**PROBLEM:** Only the lines in the entries below from the line with "自由党自2015年执政以来的" to the line with "MIO米奥夏季新款浅口单鞋女圆头轻便渔夫鞋平底时尚镂空凉鞋M251495801", both included, belong in the answer, transcribed exactly and without pictures.

**MATERIAL SHOWN:**
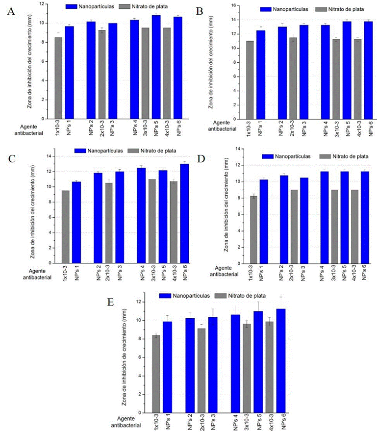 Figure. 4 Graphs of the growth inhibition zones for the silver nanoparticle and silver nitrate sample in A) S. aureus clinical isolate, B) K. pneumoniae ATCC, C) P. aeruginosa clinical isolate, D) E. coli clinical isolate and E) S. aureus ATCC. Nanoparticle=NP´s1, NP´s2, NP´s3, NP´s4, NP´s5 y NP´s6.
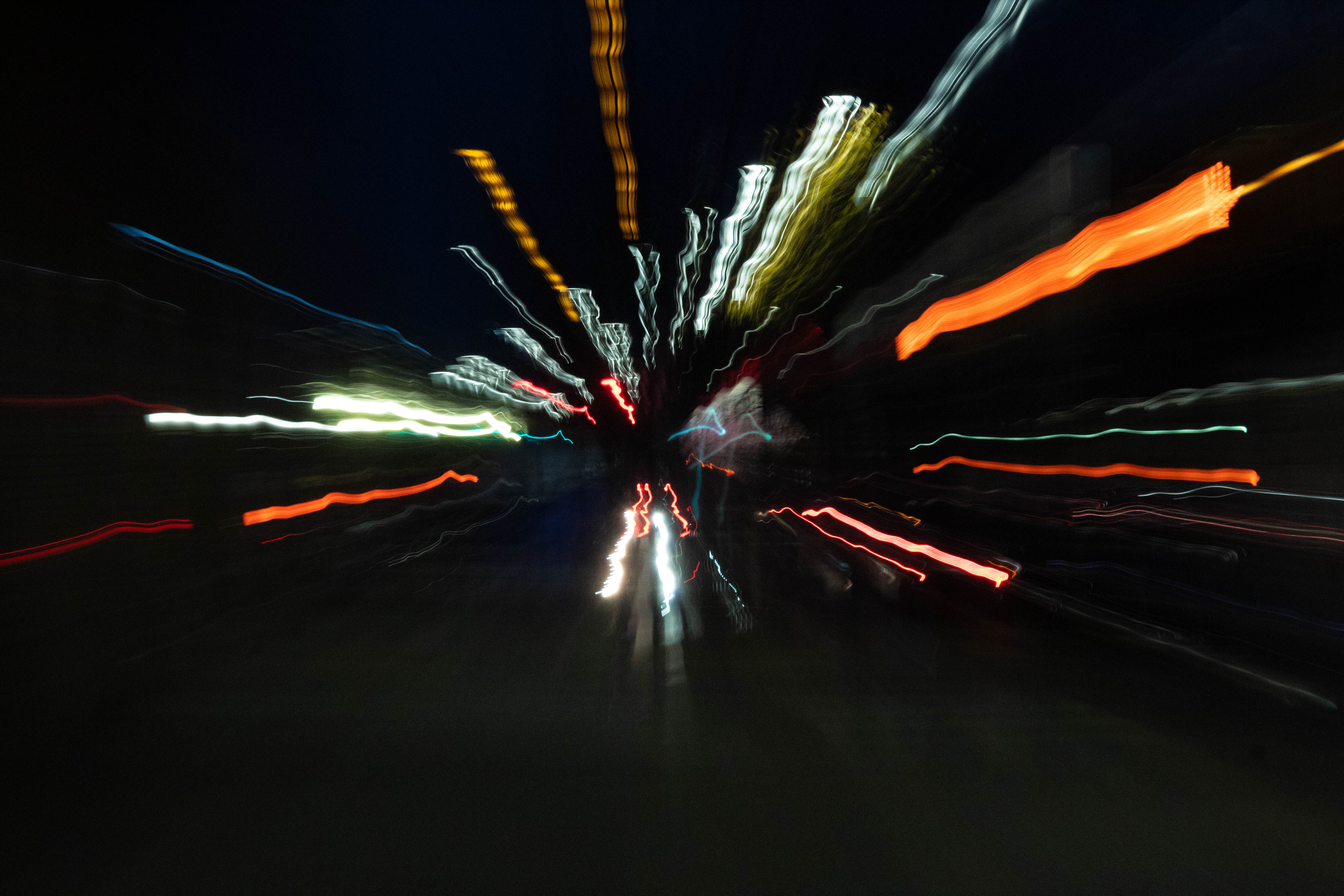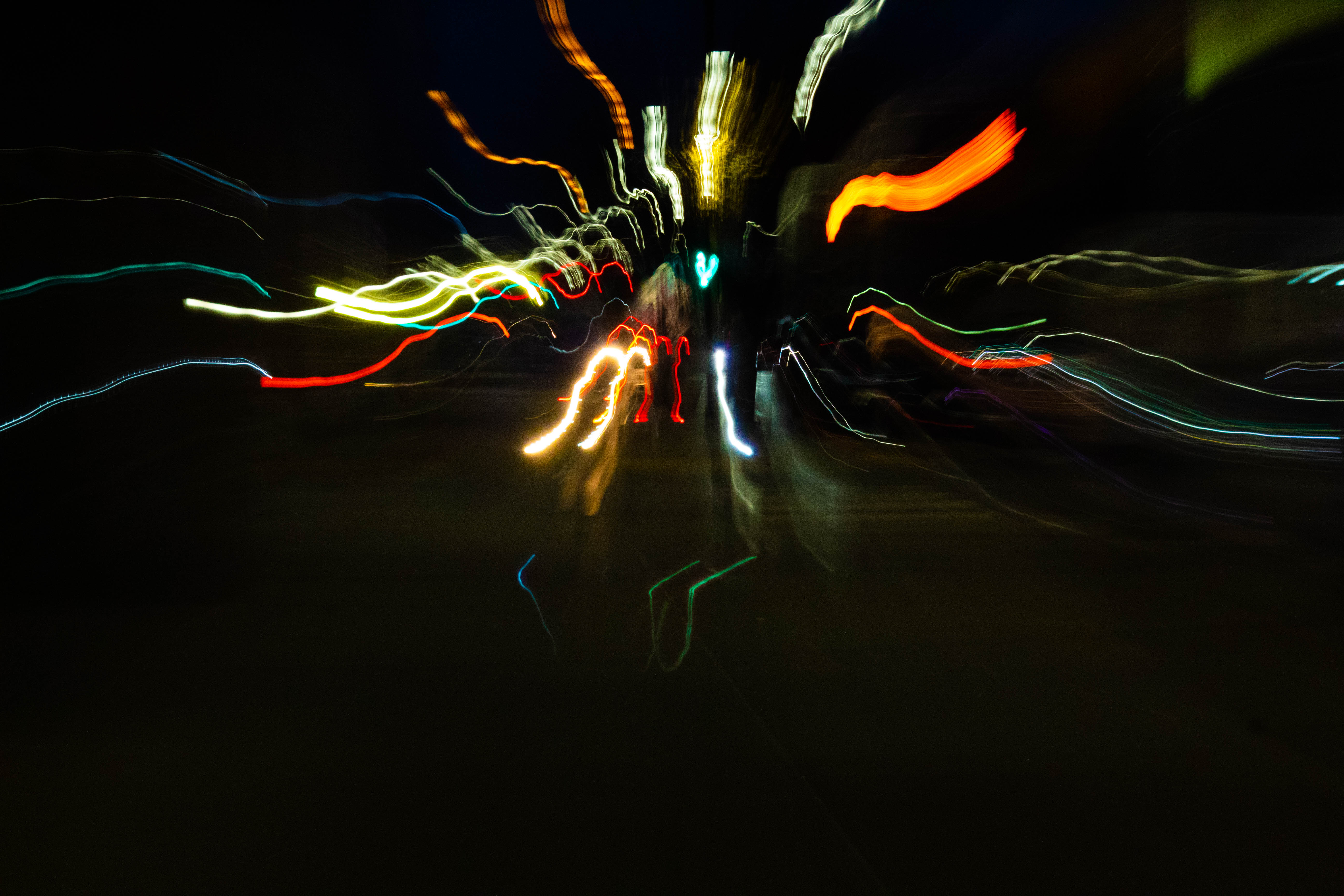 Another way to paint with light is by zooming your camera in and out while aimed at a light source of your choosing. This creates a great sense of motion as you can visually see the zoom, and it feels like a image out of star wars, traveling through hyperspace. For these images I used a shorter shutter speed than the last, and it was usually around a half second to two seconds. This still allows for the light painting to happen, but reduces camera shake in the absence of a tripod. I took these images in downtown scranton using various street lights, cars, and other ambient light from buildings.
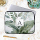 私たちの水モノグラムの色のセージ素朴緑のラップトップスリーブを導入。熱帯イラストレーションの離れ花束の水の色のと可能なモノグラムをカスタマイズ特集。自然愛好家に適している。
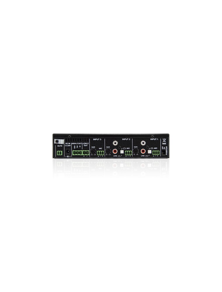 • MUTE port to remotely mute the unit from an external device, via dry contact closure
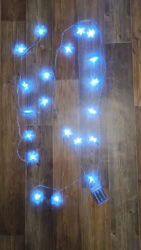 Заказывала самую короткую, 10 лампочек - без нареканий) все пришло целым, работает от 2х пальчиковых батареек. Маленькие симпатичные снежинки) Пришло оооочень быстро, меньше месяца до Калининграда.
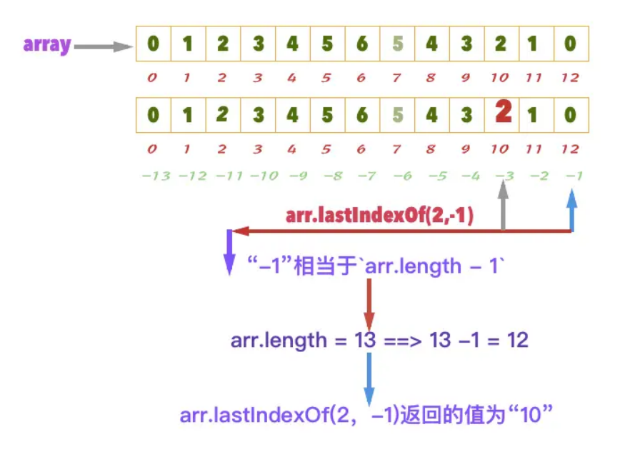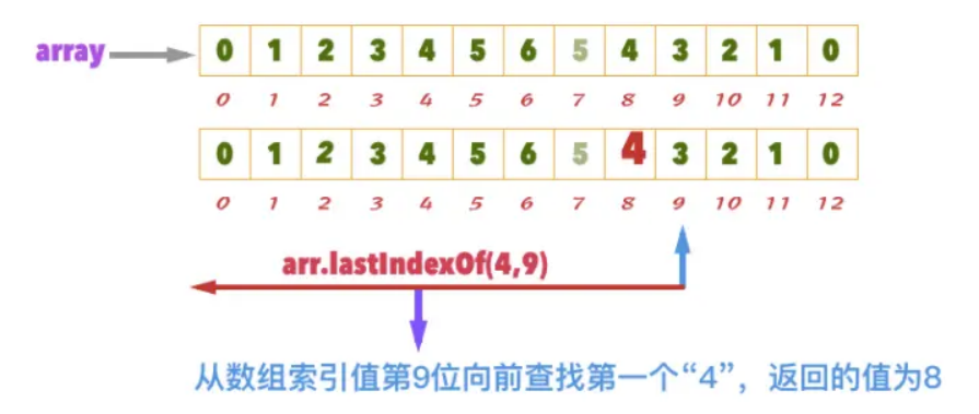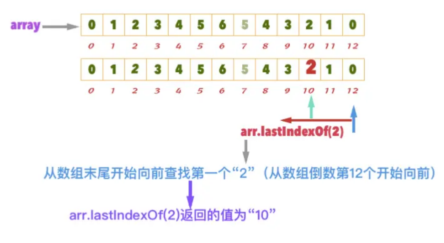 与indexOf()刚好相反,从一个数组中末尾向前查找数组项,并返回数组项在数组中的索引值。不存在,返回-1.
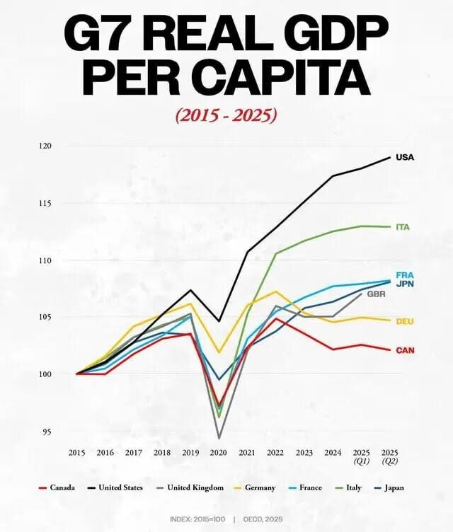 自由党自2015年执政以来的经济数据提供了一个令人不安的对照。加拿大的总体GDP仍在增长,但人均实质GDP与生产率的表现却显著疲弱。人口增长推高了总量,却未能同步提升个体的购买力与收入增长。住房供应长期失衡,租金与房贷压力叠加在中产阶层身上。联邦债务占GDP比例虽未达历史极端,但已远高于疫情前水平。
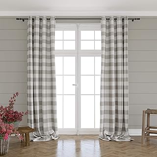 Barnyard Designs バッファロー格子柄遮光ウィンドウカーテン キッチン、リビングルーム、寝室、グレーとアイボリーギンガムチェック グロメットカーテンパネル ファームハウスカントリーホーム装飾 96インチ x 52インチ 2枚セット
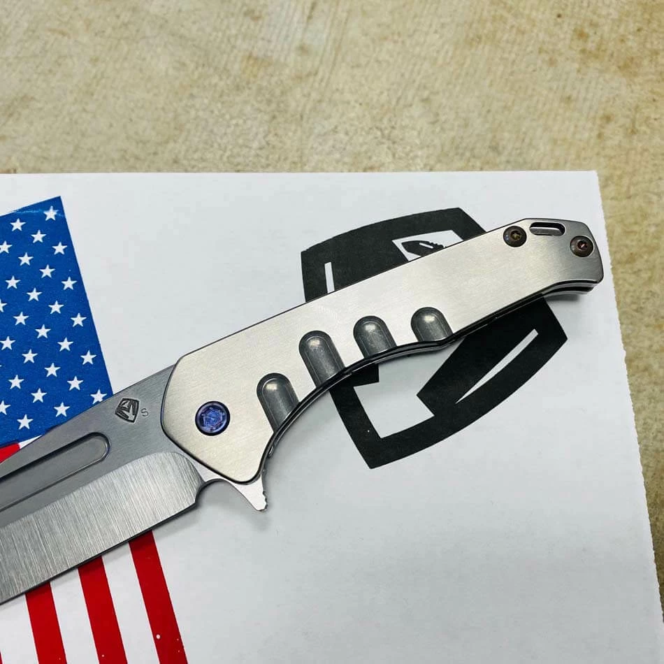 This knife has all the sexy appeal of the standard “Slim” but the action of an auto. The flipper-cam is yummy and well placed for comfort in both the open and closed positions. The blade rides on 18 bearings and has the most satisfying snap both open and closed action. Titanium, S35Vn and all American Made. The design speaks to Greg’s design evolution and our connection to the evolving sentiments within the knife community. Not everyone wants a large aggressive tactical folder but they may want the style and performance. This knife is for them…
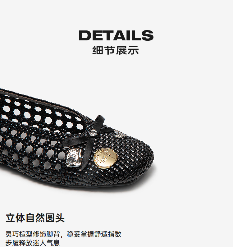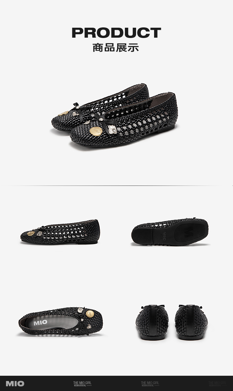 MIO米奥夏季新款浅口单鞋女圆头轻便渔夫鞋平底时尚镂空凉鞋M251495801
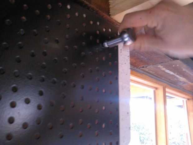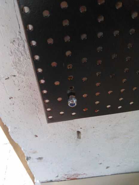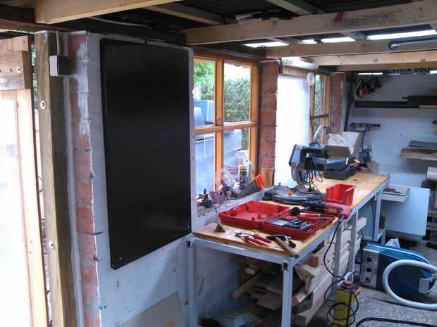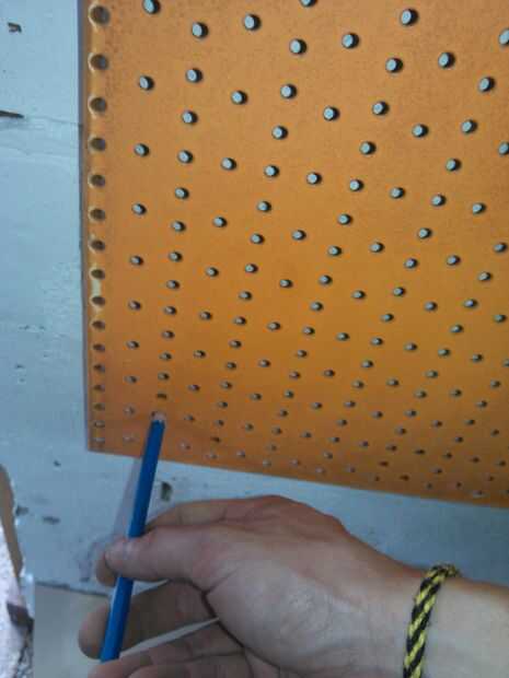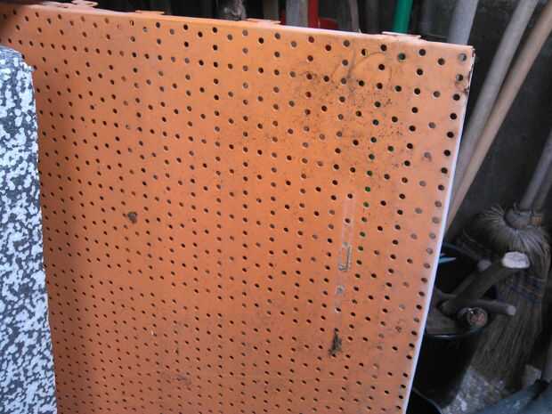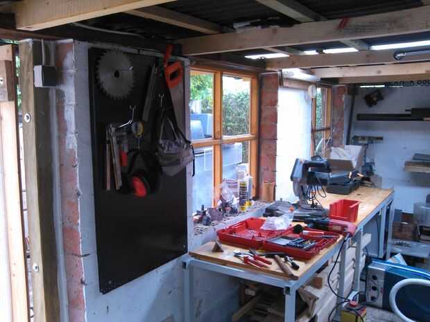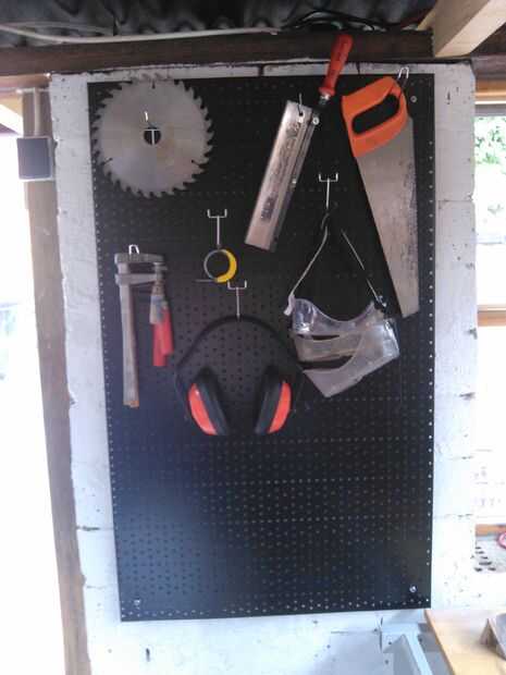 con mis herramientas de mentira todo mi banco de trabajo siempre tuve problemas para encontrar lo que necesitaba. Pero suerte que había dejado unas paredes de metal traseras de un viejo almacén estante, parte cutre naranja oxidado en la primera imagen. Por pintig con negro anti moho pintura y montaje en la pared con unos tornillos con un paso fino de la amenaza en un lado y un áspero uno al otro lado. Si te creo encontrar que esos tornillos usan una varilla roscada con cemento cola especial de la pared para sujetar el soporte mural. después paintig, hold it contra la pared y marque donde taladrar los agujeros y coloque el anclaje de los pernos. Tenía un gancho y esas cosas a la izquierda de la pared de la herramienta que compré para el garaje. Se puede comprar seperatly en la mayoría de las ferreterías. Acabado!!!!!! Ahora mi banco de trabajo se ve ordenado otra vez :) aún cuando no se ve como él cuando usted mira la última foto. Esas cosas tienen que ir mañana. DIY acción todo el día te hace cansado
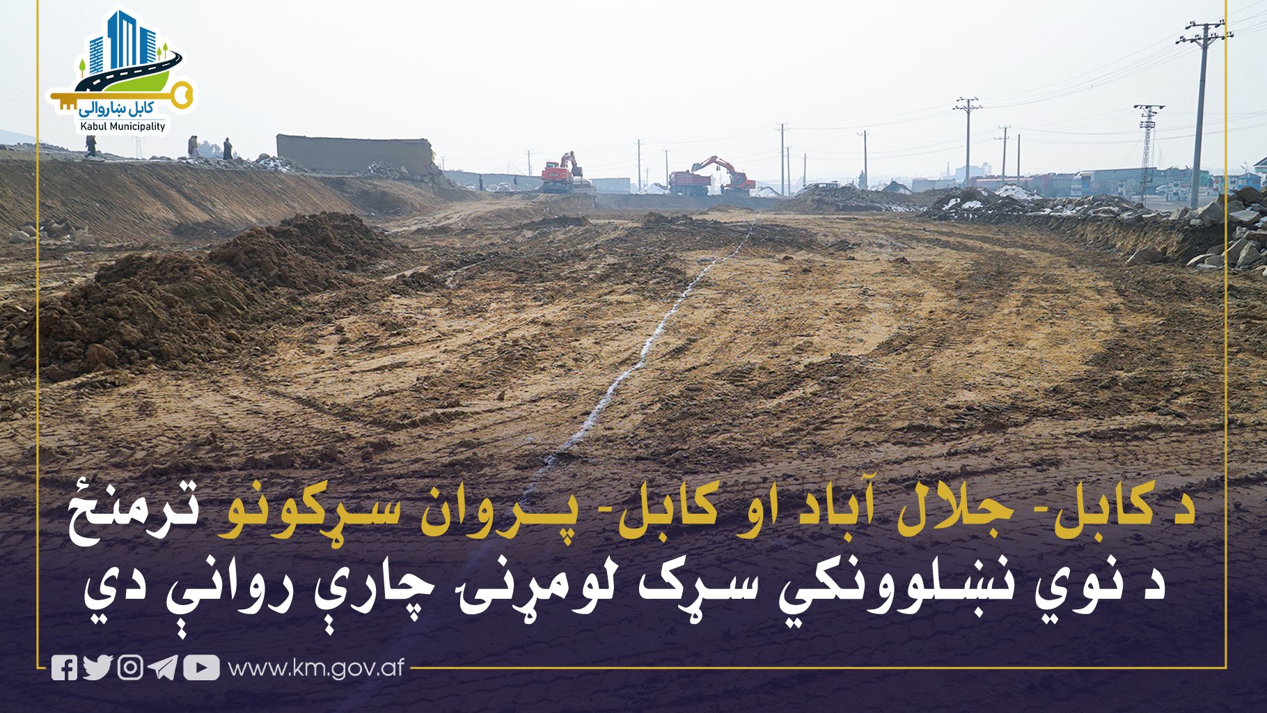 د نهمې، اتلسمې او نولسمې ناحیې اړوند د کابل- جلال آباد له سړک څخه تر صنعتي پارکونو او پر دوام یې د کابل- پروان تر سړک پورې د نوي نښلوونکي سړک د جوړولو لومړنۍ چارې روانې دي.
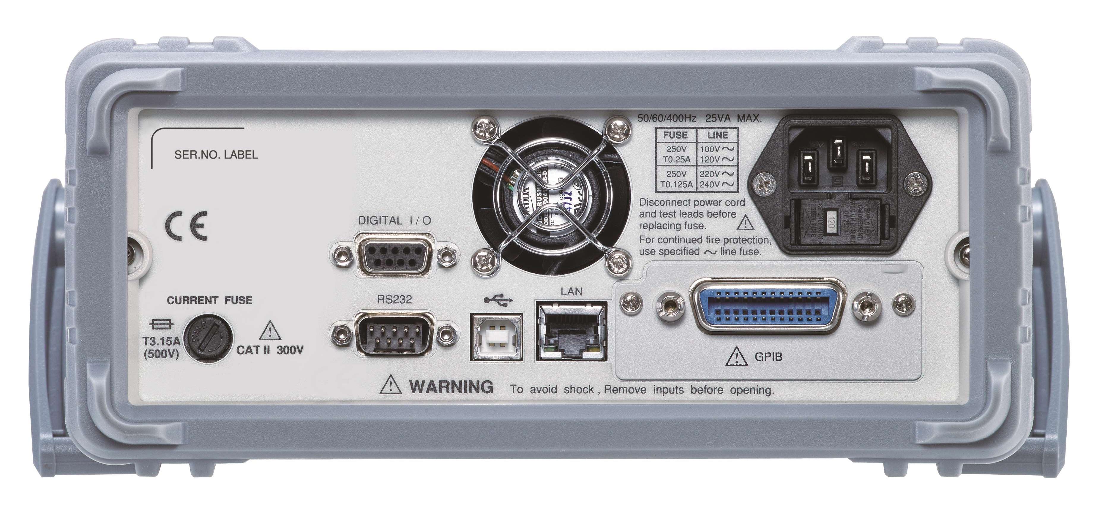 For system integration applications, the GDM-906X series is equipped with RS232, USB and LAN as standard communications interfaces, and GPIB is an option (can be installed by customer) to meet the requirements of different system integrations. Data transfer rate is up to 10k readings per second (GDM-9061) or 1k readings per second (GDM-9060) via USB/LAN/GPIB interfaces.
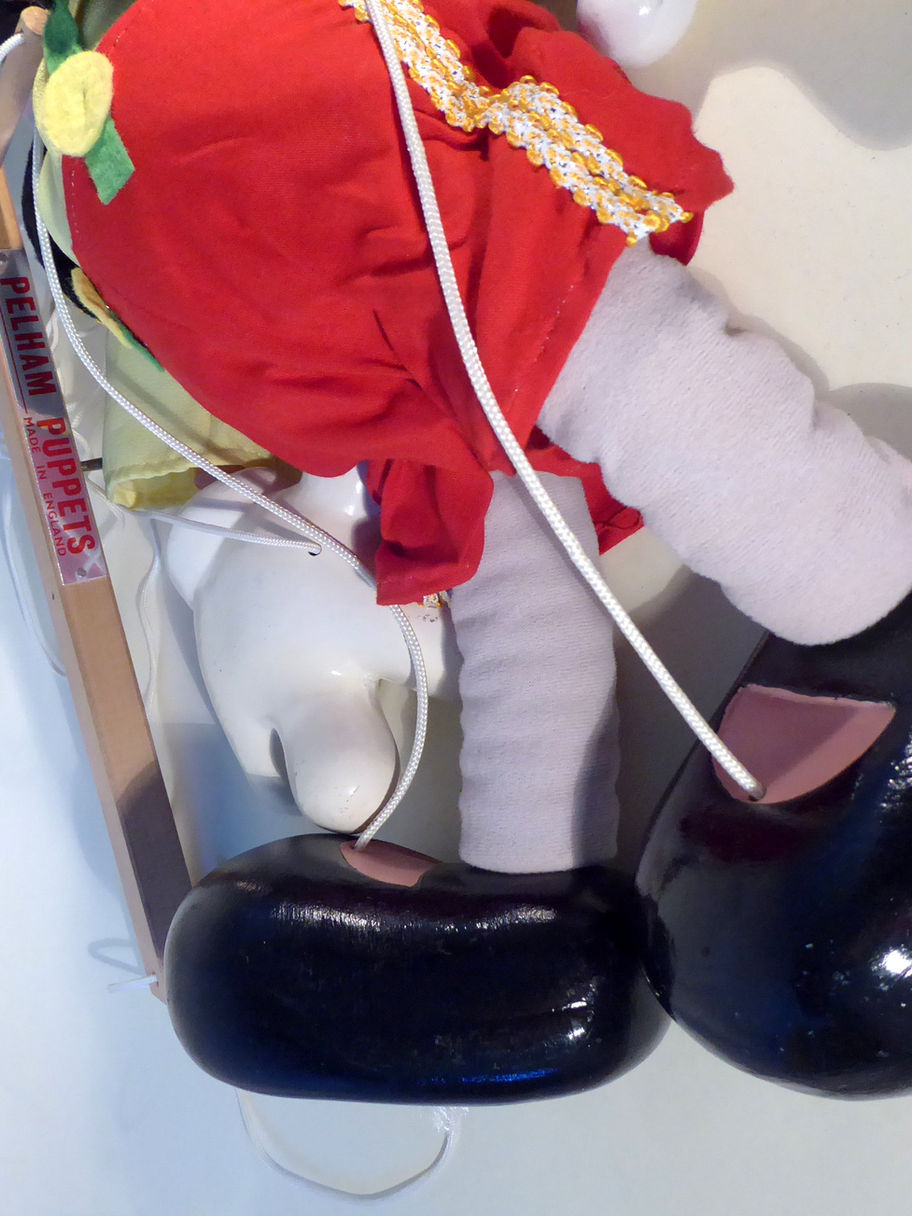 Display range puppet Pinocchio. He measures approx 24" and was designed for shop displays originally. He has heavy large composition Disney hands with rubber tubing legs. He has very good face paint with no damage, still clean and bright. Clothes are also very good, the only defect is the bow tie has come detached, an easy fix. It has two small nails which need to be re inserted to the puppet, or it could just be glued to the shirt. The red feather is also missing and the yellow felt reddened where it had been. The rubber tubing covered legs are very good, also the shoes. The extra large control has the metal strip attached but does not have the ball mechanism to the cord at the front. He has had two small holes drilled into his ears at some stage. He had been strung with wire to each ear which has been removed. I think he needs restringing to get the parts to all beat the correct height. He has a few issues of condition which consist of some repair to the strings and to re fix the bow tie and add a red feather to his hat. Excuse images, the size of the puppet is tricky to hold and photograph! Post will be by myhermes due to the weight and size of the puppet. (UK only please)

**YOUR RESPONSE:**
 自由党自2015年执政以来的经济数据提供了一个令人不安的对照。加拿大的总体GDP仍在增长,但人均实质GDP与生产率的表现却显著疲弱。人口增长推高了总量,却未能同步提升个体的购买力与收入增长。住房供应长期失衡,租金与房贷压力叠加在中产阶层身上。联邦债务占GDP比例虽未达历史极端,但已远高于疫情前水平。
 Barnyard Designs バッファロー格子柄遮光ウィンドウカーテン キッチン、リビングルーム、寝室、グレーとアイボリーギンガムチェック グロメットカーテンパネル ファームハウスカントリーホーム装飾 96インチ x 52インチ 2枚セット
 This knife has all the sexy appeal of the standard “Slim” but the action of an auto. The flipper-cam is yummy and well placed for comfort in both the open and closed positions. The blade rides on 18 bearings and has the most satisfying snap both open and closed action. Titanium, S35Vn and all American Made. The design speaks to Greg’s design evolution and our connection to the evolving sentiments within the knife community. Not everyone wants a large aggressive tactical folder but they may want the style and performance. This knife is for them…
 MIO米奥夏季新款浅口单鞋女圆头轻便渔夫鞋平底时尚镂空凉鞋M251495801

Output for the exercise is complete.